Monday 7 April 2014

Growth in credit demand from industries slowed down to 12.2% in February 2014

The growth in credit demand from industries slowed down to 12.2% to 19,970 crore in the month of February as compared to 18.9% growth in the same month of previous year. Prevailing economic slowdown coupled with political uncertainty associated with an election year have made corporates reluctant to launch any greenfield projects, resulting in declining credit demand from industrial sector. Slow credit flow to industrial sector has been adversely impacting domestic banks which are now pushing retail credit to boost credit growth.
High borrowing cost and delays in environmental clearances for industrial and infrastructure projects has forced the big infrastructure players to defer their investment decisions. Indian large infrastructure companies such as HCC, Lanco and Gammon India are struggling with high debt and have restructured them to avoid loan default.

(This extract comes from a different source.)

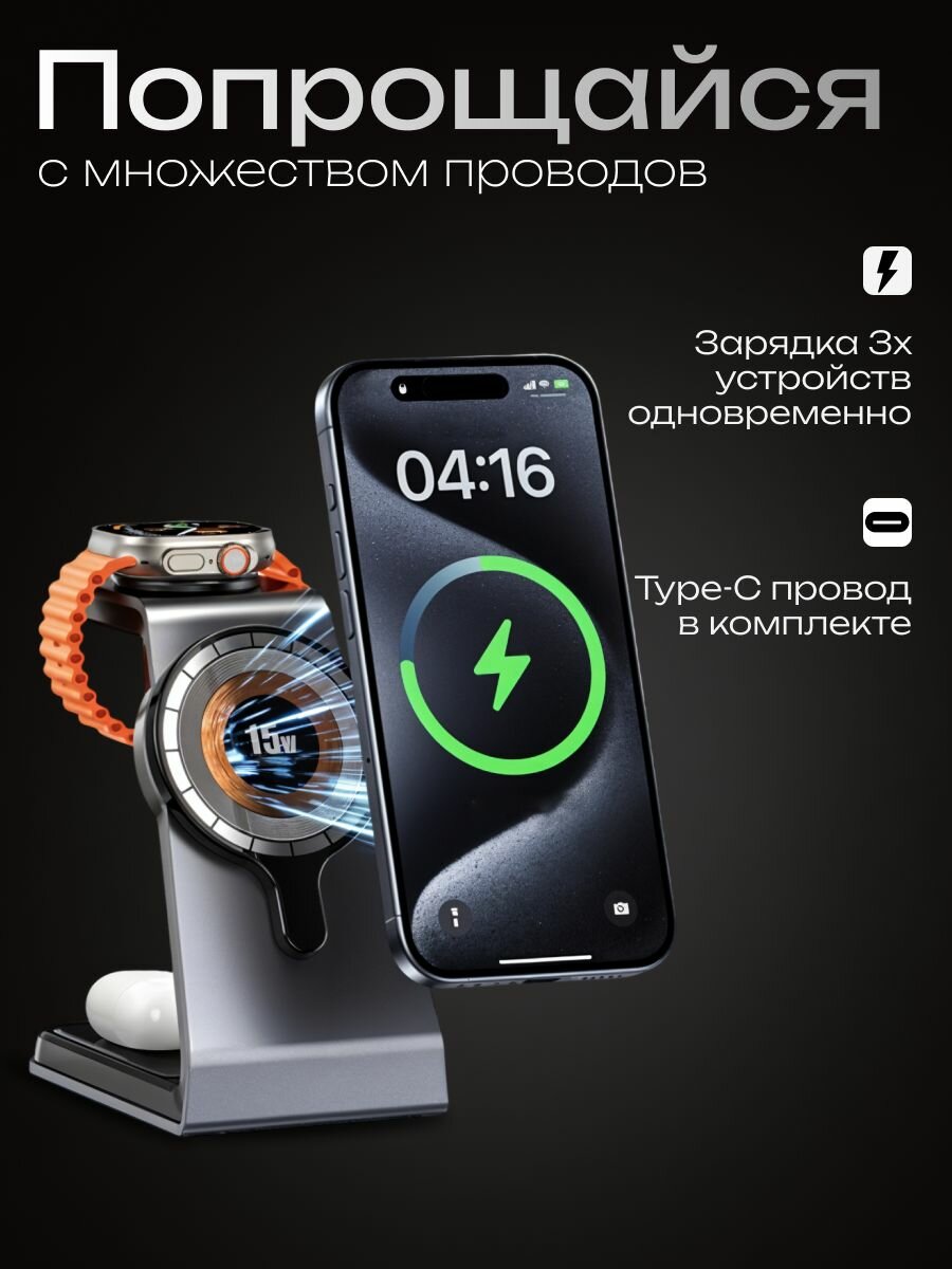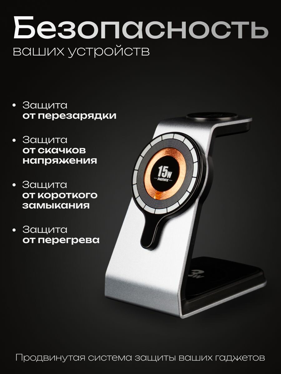 Беспроводная зарядка для iphone REMAX / док станция 3 в 1 с MagSafe / зарядная станция для айфона информация: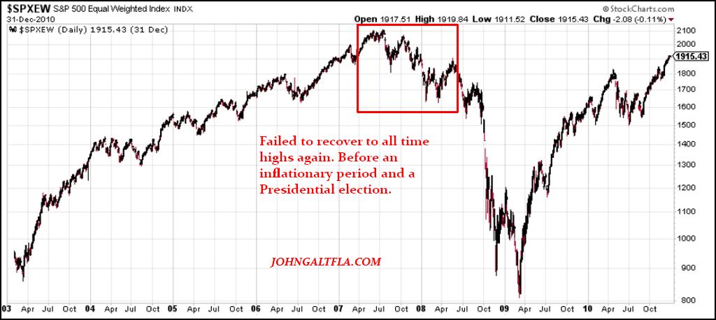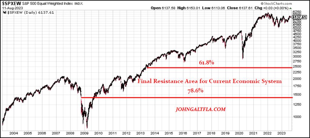 For those who have not noticed, I have evolved over the past year and learned to start using the S&P 500 Equal Weighted index to give a more realistic approach to prices and pattern recognition. Today I decided to open this up to the long long term view and guess what?

The gross non-performing assets (NPAs) of banks would rise to 4.2-4.4% by March, from 4.1% reported in December 2013. Rising NPA levels have become an issue for growth of the banking industry, which is the most dominant segment of the financial sector and plays an important role in the economic development of the country. Banks help to channel savings into investments and encourage economic growth by allocating savings to investments that have potential to yield higher returns.
Meanwhile, risk appetite of industrial firms is likely to improve after the formation of new government, which could provide a boost to credit growth.